Tiga Keinginan

83 8 1
                                    

Kinara menutup MacBook dengan balutan Case matte birunya, merapikan kembali meja belajar yang sedikit berantakan. Perkuliahan sebentar lagi dimulai, Kinara menandai kalender dengan brush pen biru agar tidak lupa.

Kinar kemudian bergerak untuk mandi, setelah lima belas menit di kamar mandi dia mulai disibukkan mengobrak abrik isi lemari mencari sesuatu yang bagus untuk dipakai.

Pilihannya jatuh pada blus warna putih setengah lengan dengan sedikit aksen di bagian dadanya. Dia juga mengenakan rok berwarna peach yang menyentuh lututnya. Rambutnya dia biarkan tergerai lembut melewati bahunya. Kinara menatap pantulan dirinya di cermin menilai penampilannya hari ini. Cukup pantas, tak lupa ia memoleskan sedikit liptint pada bibir mungilnya agar tampak segar. Setelah dirasa cukup Kinar menyampirkan sling bag nya di bahu lalu berjalan turun melewati anak tangga dengan hati-hati.

Ting tong!!

Bel Rumah Kinar berbunyi di saat yang tepat refleks Kinara menengok ke arah jam dinding, sudah menunjukan pukul sepuluh lewat tiga puluh menit.

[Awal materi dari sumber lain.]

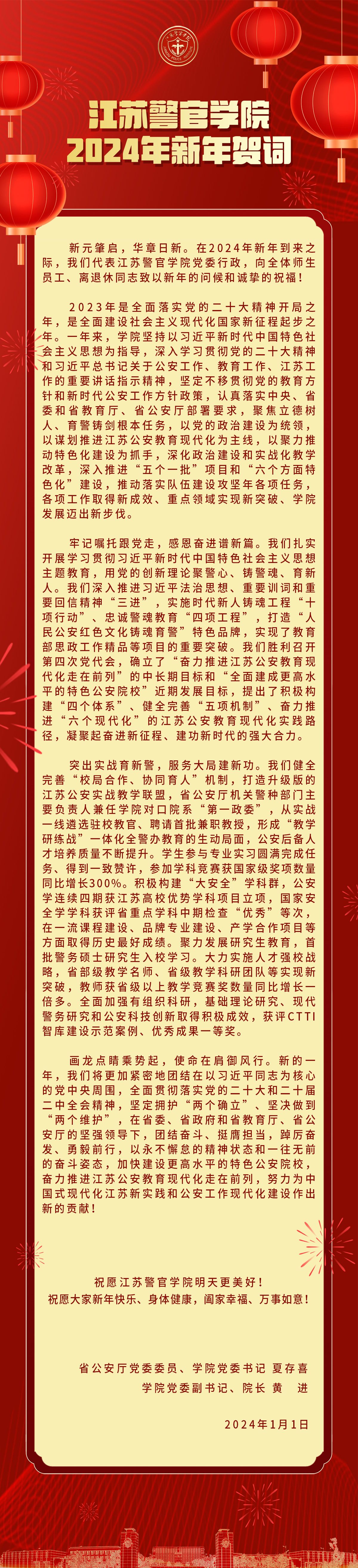 江苏警官学院2024年新年贺词
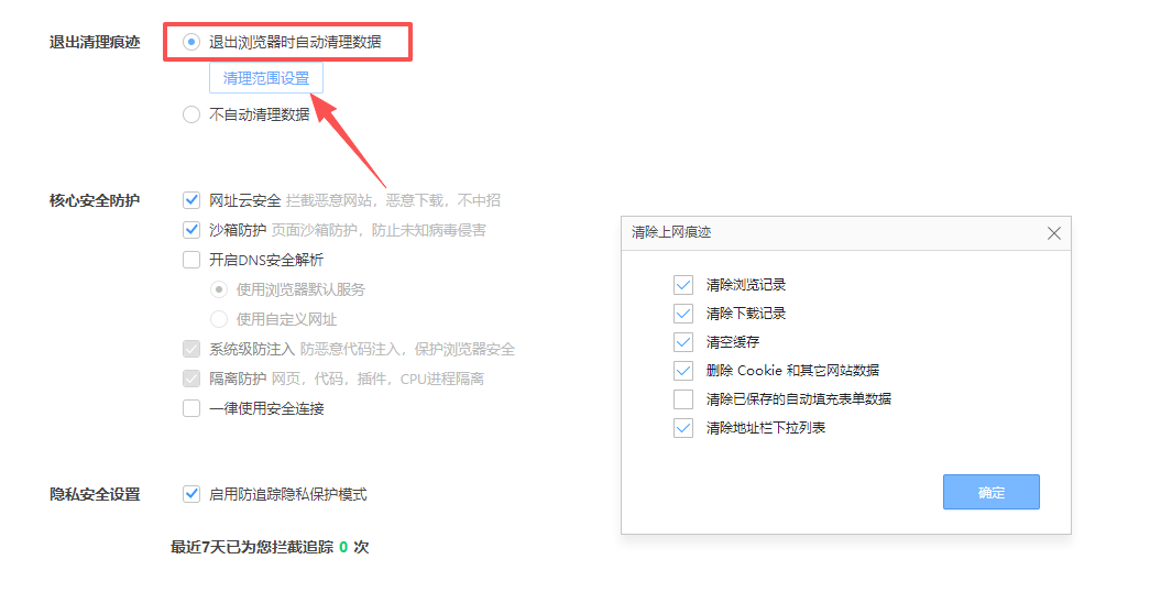 第三步:点击「退出浏览器自动清理数据」,选择清理范围设置,勾选清理类型,点击确定。完成后重启浏览器就可以啦!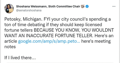 The city of Petoskey has banned fortunetelling since 2014. Its ordinance states: “It shall be unlawful for any person to engage in fortunetelling or pretend to tell fortunes for hire, gain, or reward.” Violators may be punished by jail (up to 93 days), a fine of $500, or both.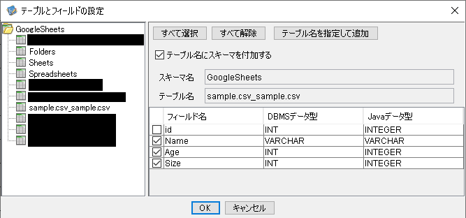 これを「テーブルとフィールドの設定」画面で表示させるには、PutSampleフローを使用します。利用方法について詳しくは、「GoogleSheetsPutコンポーネントのヘルプ」をご覧ください。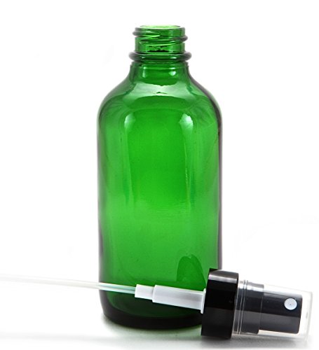 - 6 - 4 oz, Green Glass Bottles, with Black Fine Mist Sprayers, and Dust caps.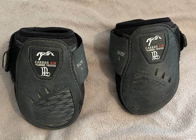 Bon état général - A noter juste un scratch abîmé qui a été recousu (voir dernière photo) et quelques rayures d'usage - Les protèges boulets sont propre, ils ont été lavés.

Setelah berpamitan pada Bi Iim, Kinara membenarkan posisi helm birunya lalu naik ke atas motor.

Vero melajukan motornya dengan kecepatan sedang, jalanan pagi di Jakarta tidak lengang tidak juga terlalu macet mengingat ini hari sabtu jadi tidak terlalu banyak kendaraan yang berlalu lalang untuk sekedar berangkat kerja, sekolah dan lainnya.

Sepanjang perjalanan, Kinar dan Vero bercerita random di tengah bising lalu lintas. Tak jarang Kinara berteriak agar suaranya terdengar jelas, mengabaikan orang-orang sekitarnya yang mungkin ikut mendengarkan mereka.

Vero menepikan motornya di salah satu parkiran Cafe di daerah Jakarta pusat. Mereka turun di depan sebuah bangunan dengan dindingnya yang didominasi kaca. Yang mereka datangi adalah cafe 24 yang jadi tongkrongan Vero dan kawan-kawannya. Dinamai cafe 24 karena mereka buka dua puluh empat jam, kata Mas dhanu, salah satu barista di sana.

"Gak terlalu pagi apa?" Terang Kinara sambil melirik jam tangan putihnya yang baru menunjukan pukul sebelas.

Mata Kinar menangkap sebuah outlet bertuliskan Choco Candy, yang berada persis di sebelah cafe 24. Sebuah toko yang terkenal menyediakan aneka permen dan tentunya coklat.

Dengan langkah pasti Kinara masuk ke dalam toko itu yang langsung disambut aroma coklat panas yang menyeruak dari dalam toko tersebut.

Kinara tersenyum manis semanis deretan coklat yang tersusun rapi di sana. Coklat merupakan mood boster Kinara setelah Novel. Ia akhirnya membeli beberapa coklat batang dan coklat bertangkai dengan aneka rasa yang berbeda.

Usai membayar belanjaannya mereka kembali ke cafe 24.

"Makan apa Ki?" tanya Vero sambil membolak balik buku menu.

"Terserah deh, Kakak aja yang pilihin."

"Oke." Vero menandai beberapa menu pada catatan yang diberikan salah seorang waitress.

"Hot coklat lattenya satu, Mba," lanjutnya ketika perempuan muda itu hendak beranjak.

Hening sesaat, hanya lantunan penyanyi cafe yang terdengar saat ini.

"Kak, kak vero...," panggil Kinar memecah sunyi.

"Hmm?"

"Seandainya nih gue ngelakuin kesalahan fatal, kira-kira kak vero bakal gimana?"

"Random banget sih, Ki," sahut Vero tertawa kecil, sebelah tangannya mengacak rambut Kinara.

"Dihh dijawab aja apa susahnya sih," gerutu cewek itu memanyunkan bibirnya.

"Emm.. gimana ya? Tergantung sih gue lagi mau marah atau engga."

"Serius iihh, kak Vero!"

Vero mencubit hidung Kinara gemas, berhasil menerbitkan rona merah di wajah mungil itu. "Iya sayang, Iya. Gimana ya, soalnya pacar gue gak pernah salah di mata gue."